Britain's capital has long been responsible for sucking up the top talent from a range of industries, but figures reported in the latest quarterly Tech Cities Job Watch from resourcing firm Experis showed that the trend could change in the technology sector.
Over 52,000 IT jobs were advertised across the UK between July and September 2015, but the number being advertised in London dropped by eight percent to 35,610, apparently in line with summer trends as hiring slows with more people on holiday.
But cities to the North, such as Manchester and Leeds, posted more roles for the same period, while Glasgow advertised double the number of permanent IT roles than in the previous quarter.
Martin Ewings, SMB director at Experis, told V3 that London still attracts significant numbers of applicants for technology jobs, and offers higher salaries, but no longer has a strangle hold on the market.
"London will continue to be the hub for technology skills by the very nature of what it is. But what we're seeing is a drive by organisations to make cost savings by moving part of their organisation out of London. We've seen big organisations move their IT hubs to the likes of Leeds," he said.
"What we're seeing now is there's a genuine alternative to working in London. That won't suit everybody, but for those people who are interested in it, there is an appetite and an opportunity for them to find cutting-edge work out of the city."
This trend is causing more jobs to become available in the technology sector beyond the M25 and the attractions of the London's Tech City.
The development of more technology clusters beyond London, alongside the government's investment in creating the ‘Northern Powerhouse' of cities, have also gone some way to fuel the number of technology jobs being advertised in the regions.
Offering another way
Everyone from literary geniuses, poets to those attracted by bright lights have extolled the virtues of London, but Ewings said that other cities are attracting talent by offering an alternative lifestyle with lower prices and less crowded transport.
"Don't try and compete with London. If someone wants to work in the capital and has those technology-based skills they are going to work in London because there's more money there and they see it as great opportunity. But that doesn't fit every profile of people who want to get involved in digital and IT," he said.
Ewings noted that many people looking for IT jobs are recent graduates who are more flexible and want to work on projects that excite and offer a good work-life balance as opposed to just a healthy salary.
"We recently did some work with an organisation in south Wales, where we said to them don't try and compete with what London offers, try and offer an alternative to London. So we very much played up the surfing culture and we played up the work-life balance," he said.
"There is a genuine population of emerging technology specialists who actually want to move away from London and find work in these [other] tech cities."

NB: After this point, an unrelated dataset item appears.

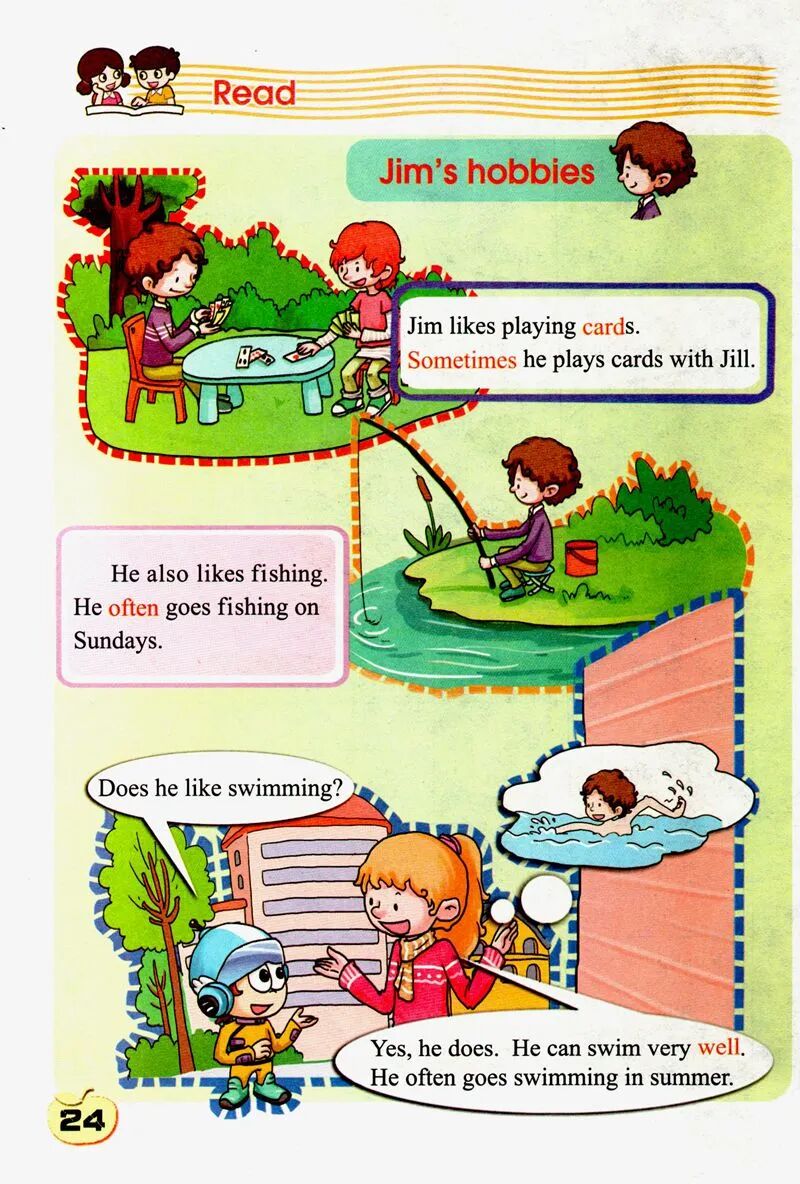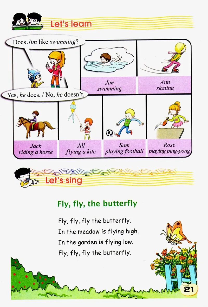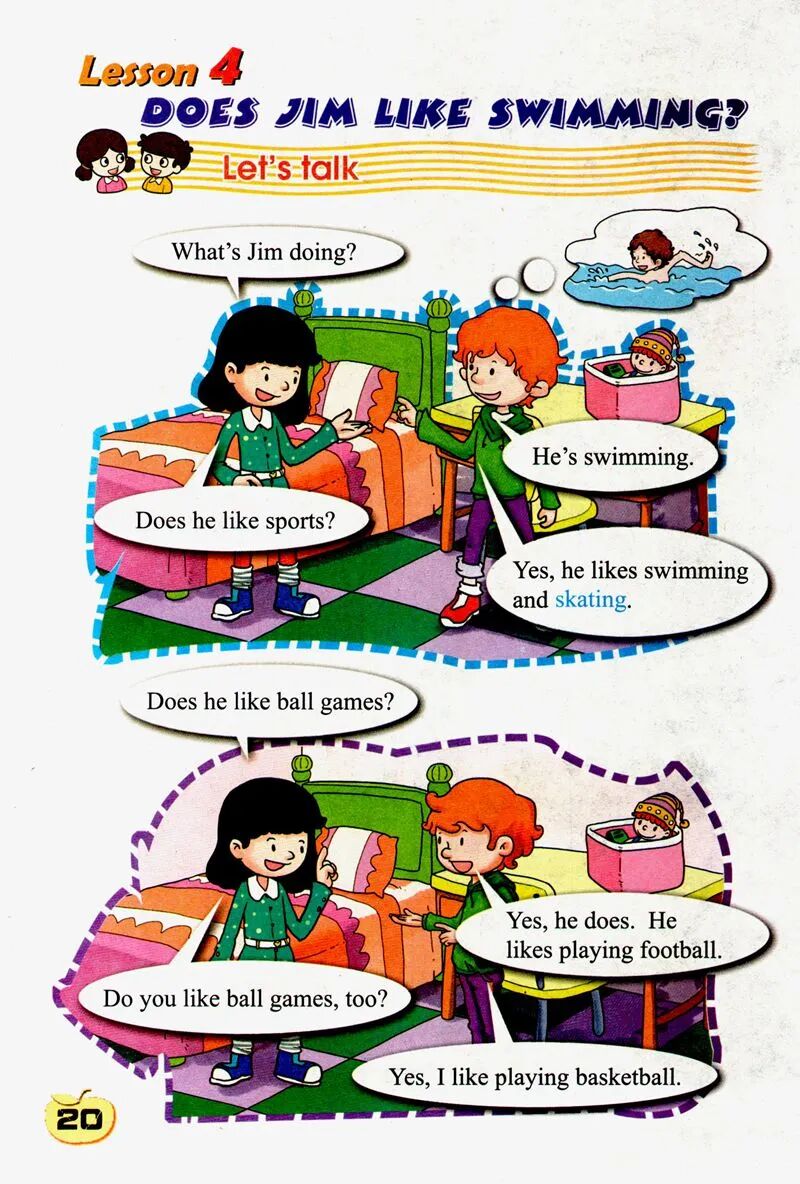 获取配套课件教案习题试卷请拉到文末单词领读课文领读单词表Lesson 4 第4课card 卡片sometimes 有时often 经常well 健康的;好skate 滑冰play basketball 打篮球go fishing 去钓鱼课文翻译Lesson 4 DOES JIM LIKE SWIMMING? 第四课 吉姆喜欢游泳吗?Let's talk 大家一起说What's Jim doing? 吉姆在做什么?He's swimming. 他正在游泳。Does he like sports? 他喜欢体育吗?Yes, he likes swimming and skating. 是的,他喜欢游泳和滑冰。Does he like ball games? 他喜欢球类游戏吗?Yes, he does.He likes playing football. 是的,他喜欢。他喜欢踢足球。Do you like ball games,too? 你也喜欢球类游戏吗?Yes,I like playing basketball. 是的,我喜欢打篮球。Let's learn 大家一起学习Does Jim like swimming? 吉姆喜欢游泳吗?Yes,he does./No,he doesn't. 是的,他喜欢。/不,他不喜欢。Jim/swimming 吉姆/游泳Ann/skating 安/滑冰Jack/riding a horse 杰克/骑马Jill/flying a kite 吉尔/放风筝Sam/playing football 萨姆/踢足球Rose/playing ping-pong 罗斯/打乒乓球Let's sing 大家一起唱歌Fly,fly,the butterfly 蝴蝶飞飞Fly,fly,fly the butterfly in the meadow is flying high, in the garden is flying low.Fly,fly,fly the butterfly.(歌曲)Listen and number 听录音,标序号...(听力练习)Read 阅读Jim's hobbies 吉姆的爱好Jim likes playing cards. 吉姆喜欢打牌。Sometimes he plays cards with Jill.有时他和吉尔一起打牌。He also likes fishing. 他还喜欢钓鱼。He often goes fishing on Sundays.周日他经常去钓鱼。Does he like swimming? 他喜欢游泳吗?Yes,he does.He can swim very well. 是的,他喜欢。他游得很好。He often goes swimming in summer. 夏天他经常游泳。What about ball games?Does he like football? 球类游戏呢?他喜欢足球吗?No,he doesn't,but he likes playing ping-pong very much.不,他不喜欢。但是他非常喜欢打乒乓球。Does he like computer games? 他喜欢电脑游戏吗?No, he doesn't.He likes reading on his computer. 不,他不喜欢。他喜欢在电脑上看书。同步微课高清课本 同步练习Lesson4 Dose Jim like swimming?一.写出下列单词。卡片_______ 有时_______ 经常的 _______ 健康的 _______二.单项选择。( )1._____ Jim like swimming?A.Do B.Does C.Is( )2.Does it _____ ball games?A. like B.likes C./( )3.I like _____ football.A.play B.playing C.plays三.英汉互译。1.Jim 正在做什么?__________________________2.我喜欢画画。__________________________3.他喜欢踢足球吗?__________________________4.What’s your favorite sport?__________________________5. He likes swimming and skating.__________________________四.将下列句子改成一般疑问句,并进行肯定和否定回答。1. I like doing sports.______________________ ______________________2. He likes playing basketball.______________________ ______________________参考答案Lesson4一.card sometimes often well二.B,A,B三.1.What is Jim doing?2.I like drawing.3.Does he like playing football?4.你最喜欢的运动是什么?5.他喜欢游泳和滑冰。四.1.Do you like doing sports? Yes, I do.\No, I don’t.3.Does he like playing basketball? Yes, he does.\No, he doesn ’t.怎么获取配套课件教案习题试卷等资料?按下面方法扫码回复▼免费领取方式识别二维码关注:中小学师生关注后在公众号最下面发送消息【16】2个数字即可领取全套资料图文来自网络,版权归原作者,如有不妥,告知即删点击阅读原文下载全册PPT课件动画教案习题朗读试卷电子课本整套资料

Workplace flexibility, easy commuter routes, and remote working highlight other cities as attractive places for technology workers.
London is not likely to lose its appeal to new graduates or metropolis-loving workers, but Tech Cities Job Watch demonstrates that there are jobs in the technology world beyond the capital.
However, all the tech cities will still need to address the overarching problem of a lack of digital skills in the UK, which recently prompted the creation of the Tech Nation Visa to find over 200 overseas experts to plug the UK's skills gap.